04 May 1998 00:00 [Source: ICB Americas]The larger consumer products makers reported healthy earnings increases this quarter, though some felt the effects of unfavorable foreign currency exchange rates in their net sales. Church & Dwight Co. Inc., which sells primarily in North America (96 percent of sales revenues), posted a 17 percent increase in net sales this quarter relative to the same period in 1997. Earnings increased about 13 percent compared to last year's first quarter.
Colgate-Palmolive Company and Procter & Gamble Co. both showed increases in net earnings this quarter compared to the same quarter last year, 16 percent and 9 percent respectively. Net sales for the two giants, however, increased only about 1 percent, due in part to weak foreign currency exchange.
Church & Dwight's net income for the first quarter was $5.9 million, compared to $5.2 million for the first quarter of 1997, equivalent to basic earnings of 30 cents and 27 cents per share respectively.

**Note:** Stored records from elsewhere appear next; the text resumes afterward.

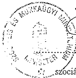
Kiss Péter szociális és munkaügyi miniszter
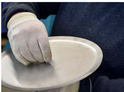
Sett inn skruen og skru fast
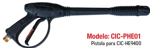
Modelo: CIC-PHE01 Pistola para CIC-HE9400 CIC-HE10400 CIC-HE12400
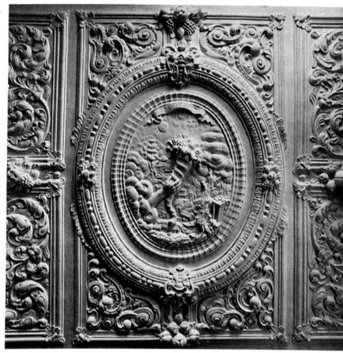
12/13 Zwei emblematische Motive aus der Saaldecke im «Bocken», Horgen.
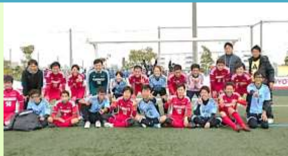
決勝戦を戦った「三重 NASPA ブルー」の皆さんと
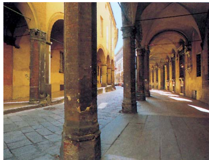
Bologna: I Portici
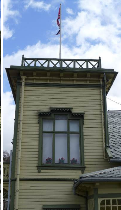
Figur 13: Tårnet på villaens nordvestre hjørne.
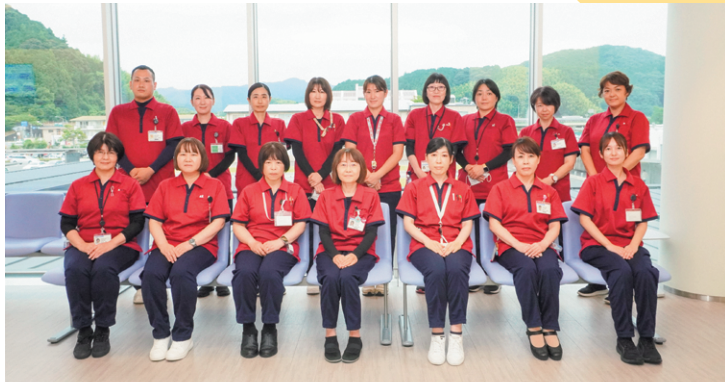
医師事務作業補助者スタッフの皆さん

随時スタッフの募集も行っています。 詳細は病院ホームページよりご確認ください。 医師事務作業補助者の募集詳細は、 下記のQRコードからご覧いただけます。
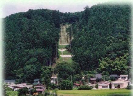
土砂流出防備保安林（那須町）

保安林には、土砂の流出を防ぐ「土砂流出防備保安林」、雨を貯えて洪水や濁水を防ぐ「水源かん養保安林」など、その種類に応じて様々な役割があります。
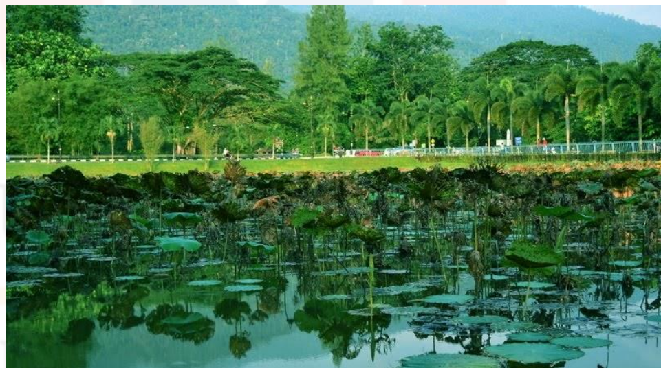
Gambar 4.4: Spesies Tumbuh-Tumbuhan Di Sekitar Kawasan Taman Tasik

Soalan ketiga ialah Taman Tasik Taiping ini memberi manfaat terhadap ekosistem dan ekologi di kawasan sekitar yang menentengkan kehidupan hijau atau alam semulajadi, seramai 233 orang responden (94%) menyatakan ya dan seramai 15 orang responden menyatakan tidak. Perkara keempat dalam bahagian ini terdapat seramai 226 orang responden (91.1%) memilih ya dan 15 orang responden (6%) menyatakan tidak bagi soalan taman tasik ini terdiri terdapat 2,500 jenis batang pokok yang terdiri daripada 75 spesies eksotik seperti teratai putih, pokok seroja, pokok tembusu, pokok hujan-hujan, pokok brazil nut , Jacaranda Filicifolia dan pelbagai jenis spesies tanaman tempatan. Kepelbagaian tanaman hijau ini menjadikan taman tasik ini unik dengan menentengkan elemen tapak warisan alam semulajadi yang mampu bertahan sehingga harini.

The company's net sales were $152 million for the first quarter, up from $129.6 million for the same period a year ago. This quarter's 17 percent sales growth repeats the 17 percent increase of the fourth quarter of 1997 relative to the fourth quarter of 1996.
According to the company, strong sales reflect the acquisition of Brillo and other established household brands from Dial Corporation in late 1997, and the introduction of two new products: Arm & Hammer Super Scoop, a cat litter, and Arm and Hammer Dental Care, The Baking Soda Gum.
However, sales of dental products in general dipped. "The setback in the toothpaste category is not unexpected considering the extraordinary level of competitive activity," says Robert A. Davies, III, president and CEO.
The toothpaste market faced a shakeup late last year when Colgate-Palmolive introduced Colgate Total, which includes the antibacterial triclosan. "Total was a massive marketing campaign," says Larry Koslow, vice-president of marketing for Church & Dwight. "We chose to get out of the way this quarter."
Colgate-Palmolive's net income rose 16 percent relative to the first quarter of last year, reaching a record $196 million. Basic earnings per share were 65 cents, compared to 56 cents during the same period in 1997. Net sales were $2.16 billion, an increase of only 1 percent from the first quarter of last year.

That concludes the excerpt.